Kur'an-ı Kerim ve Türkçe Meali Sayfa 130
19. De ki: En büyük tanıklık nedir, hangisidir? De ki: Allah, gerçek tanıktır benimle sizin aranızda ve bana bu Kur'ân, sizi ve kime ulaşırsa onu korkutmam için vahyedildi. Siz, Allah'la berâber tapılacak başka bir mâbud olduğuna mı tanıklık ediyorsunuz? De ki: Ben tanıklık etmem.

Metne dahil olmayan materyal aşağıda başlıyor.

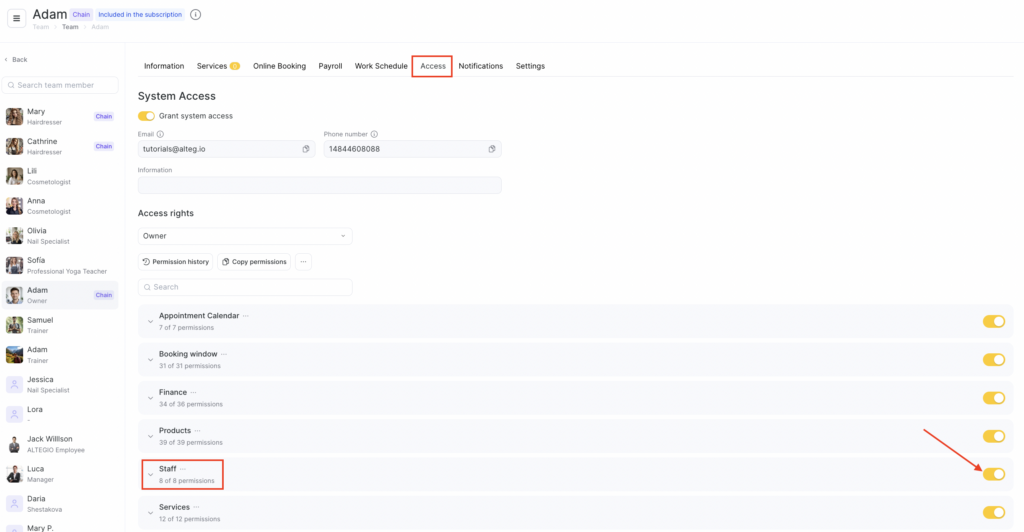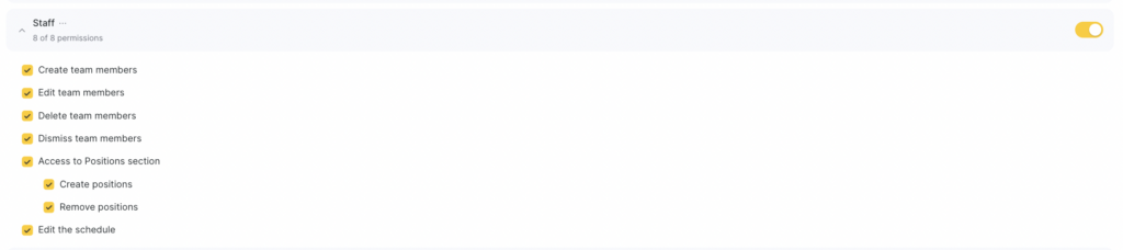In the Staff access rights section, you can control which actions a user is allowed to perform when working with team members, positions, and schedules.

De ki: O, ancak tek mabuttur ve benim, sizin ona eş tuttuklarınızla hiçbir ilgim yok.
20. Kendilerine kitap verdiklerimiz, Peygamberi, oğullarını tanıdıkları gibi tanırlar, fakat kendilerine zarar verenlerdir inanmayanlar.
21. Kimdir Allah'a boş yere iftirâ edenden, yahut onun âyetlerini yalanlayandan daha zâlim? Şüphe yok ki zâlimler, muratlarına erişmezler.

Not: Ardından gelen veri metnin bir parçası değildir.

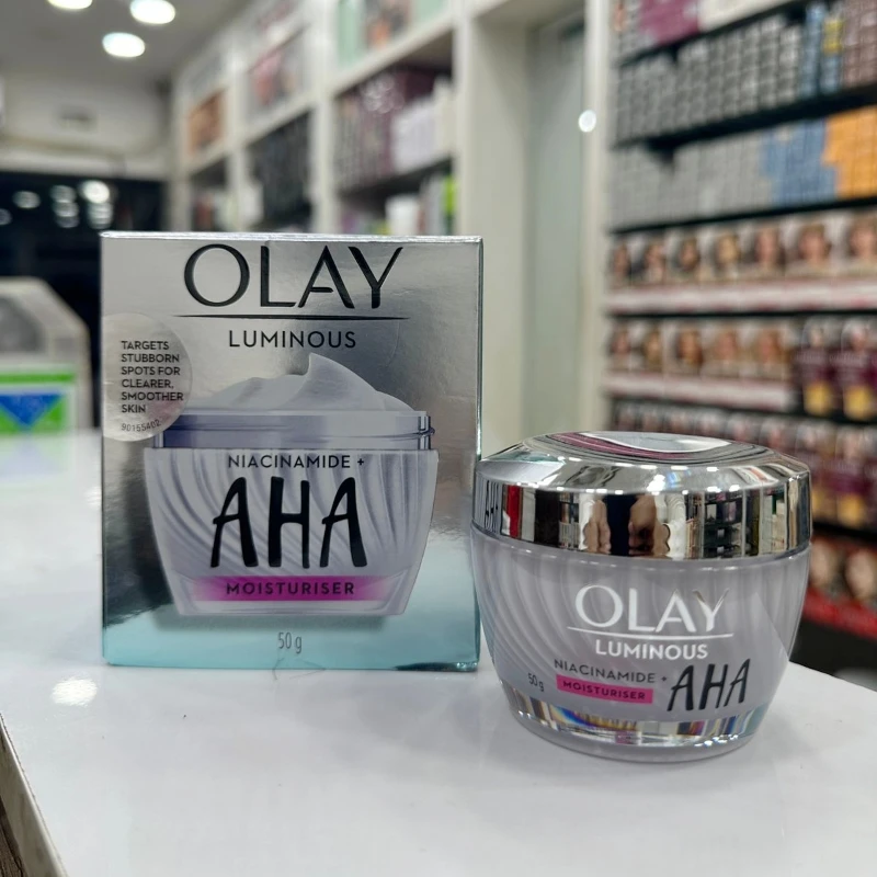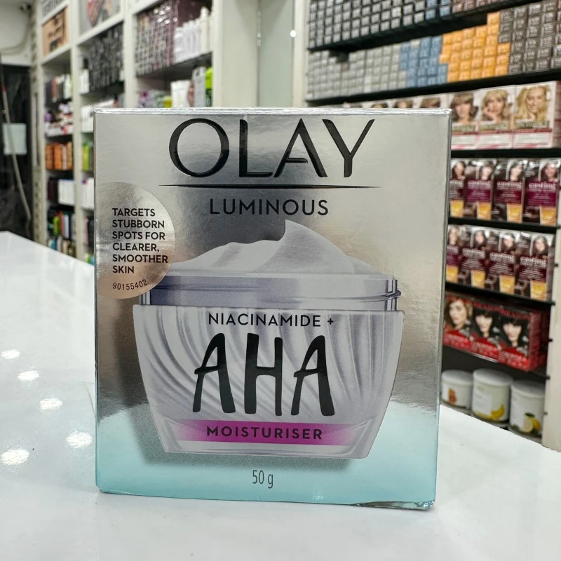 Olay Luminous Niacinamide + AHA Moisturiser is a potent daily cream developed to visibly reduce stubborn dark spots, acne marks, and uneven skin tone while delivering comfortable hydration. Infused with niacinamide (vitamin B3) that penetrates deeply and AHA (lactic acid) which gently exfoliates the surface, this formula improves skin clarity and smoothness. It also features vitamin C and pro-vitamin B5 for added radiance and skin-barrier support. Lightweight and fast absorbing, the cream is suitable for normal, combination, and oily skin types needing tone correction and texture refinement. With consistent use, skin appears clearer, smoother, and more luminousβhelping your complexion look visibly even and fresh.

22. Ve o gün hepsini de toplar da sonra Tanrıya şirk koşanlara deriz ki: Nerede size yardım edecek sanıp şirk koştuklarınız?
23. Sonra onlar ancak Rabbimiz Allah, sana andederiz ki biz şirk koşanlardan değildik demekten başka bir özür serdedemezler.
24. Hele bak, nasıl da bile-bile yalan söylerler ve iftirâ konuları da nasıl ortadan kaybolup gider.
25. Onlardan seni dinleyenler de var ve biz, dinledikleri sözleri anlamamaları için kalplerini perdeleriz, kulaklarını ağırlaştırırız da bütün delilleri görseler gene de inanmazlar onlara. Nihâyet de yanına geldiler mi çekişmeye başlarlar seninle ve bunlar, ancak evvelce gelip geçenlere ait masallar derler.
26. Onlar hem insanları uzaklaştırırlar ondan, hem kendileri uzaklaşırlar. Onlar anlamadan ancak kendilerini helâk ederler.
27. Ateşin başında durduruldukları zaman bir görseydin onları. Keşke dünyâya tekrar döndürseler bizi de Rabbimizin âyetlerini yalanlamasak ve inananlardan olsak derler.